Problem to work on:
Using the listing below, retype only the lines from the line with "This Camaro is" through the end, both ends included, and exclude the pictures.
#### Stored data ####
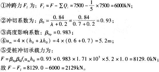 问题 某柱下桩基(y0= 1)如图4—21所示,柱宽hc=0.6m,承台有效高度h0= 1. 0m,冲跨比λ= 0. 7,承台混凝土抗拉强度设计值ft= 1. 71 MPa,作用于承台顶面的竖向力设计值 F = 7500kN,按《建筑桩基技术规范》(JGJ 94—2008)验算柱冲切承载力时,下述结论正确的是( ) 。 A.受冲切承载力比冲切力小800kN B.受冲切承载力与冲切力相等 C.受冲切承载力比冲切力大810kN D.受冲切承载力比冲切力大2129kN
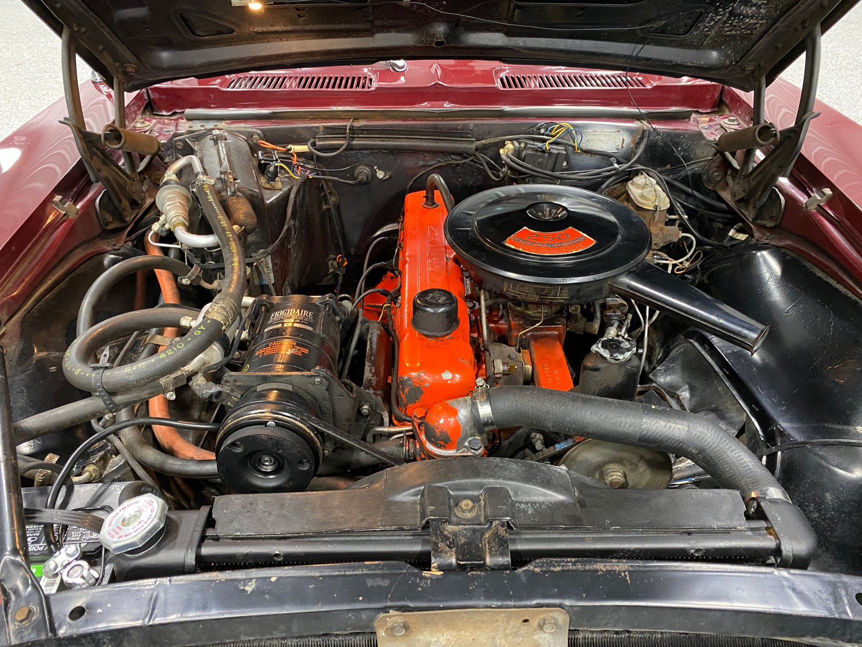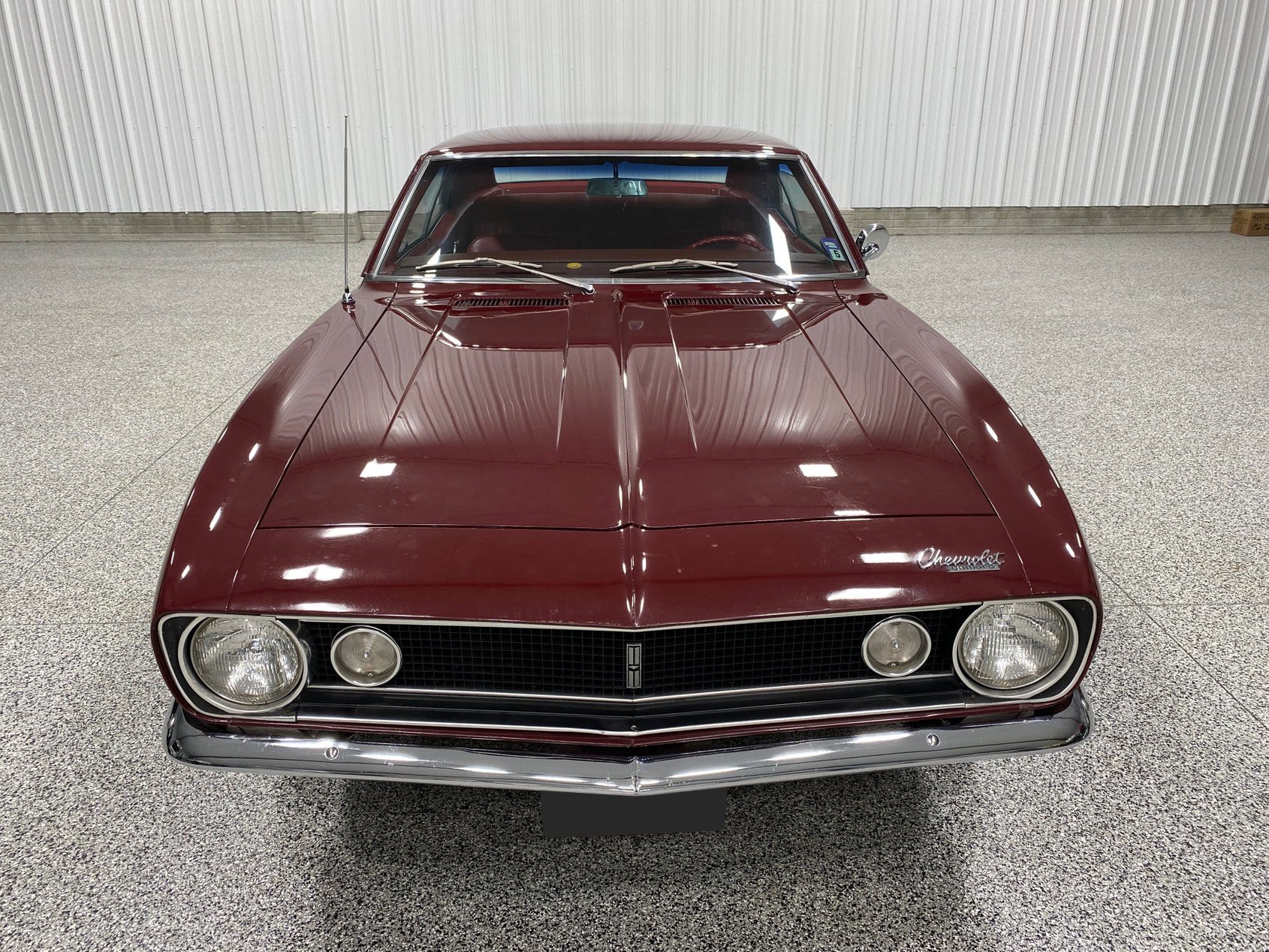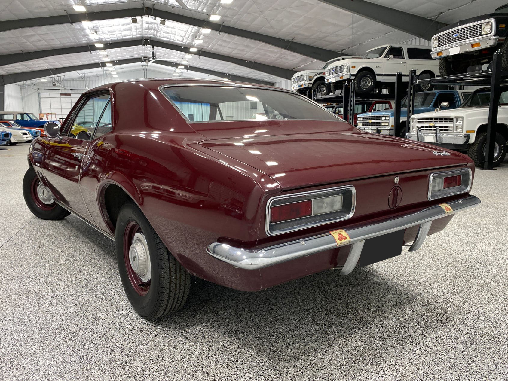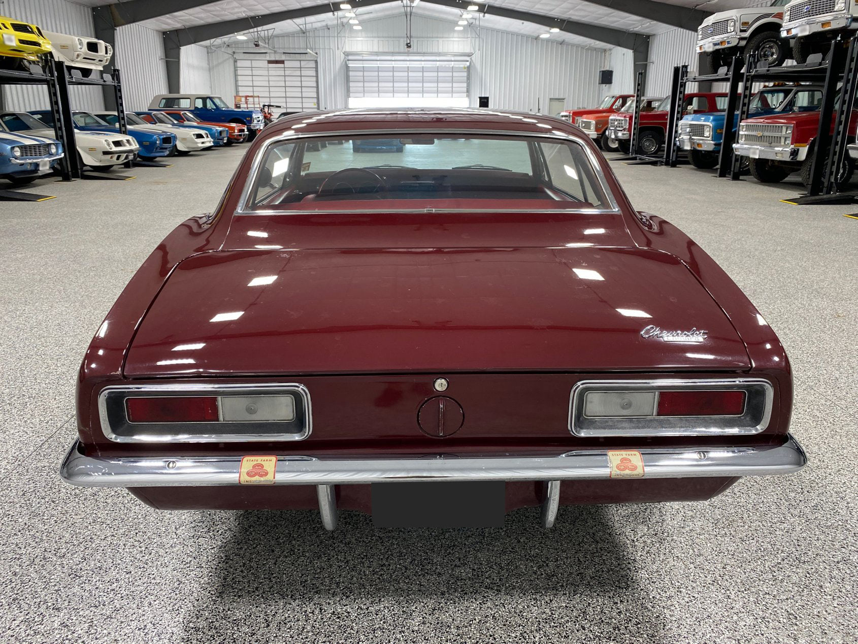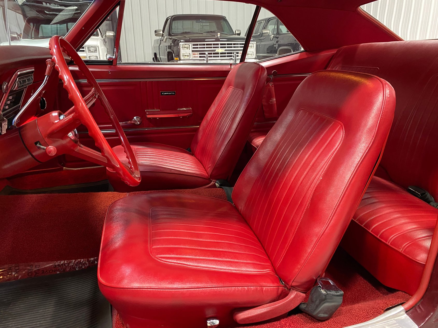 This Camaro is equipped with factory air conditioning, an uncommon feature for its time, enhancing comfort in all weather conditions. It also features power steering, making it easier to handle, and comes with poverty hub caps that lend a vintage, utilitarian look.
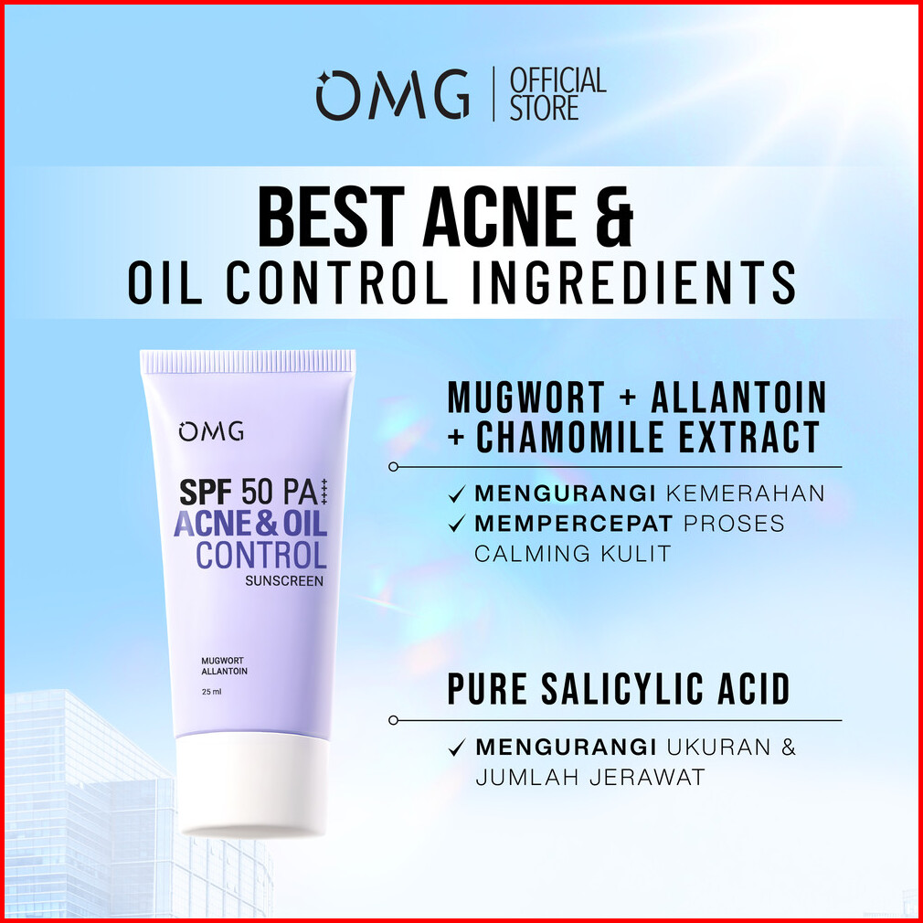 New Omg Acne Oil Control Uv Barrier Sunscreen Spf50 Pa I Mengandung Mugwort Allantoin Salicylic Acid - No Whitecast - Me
####
Response:
 This Camaro is equipped with factory air conditioning, an uncommon feature for its time, enhancing comfort in all weather conditions. It also features power steering, making it easier to handle, and comes with poverty hub caps that lend a vintage, utilitarian look.
 New Omg Acne Oil Control Uv Barrier Sunscreen Spf50 Pa I Mengandung Mugwort Allantoin Salicylic Acid - No Whitecast - Me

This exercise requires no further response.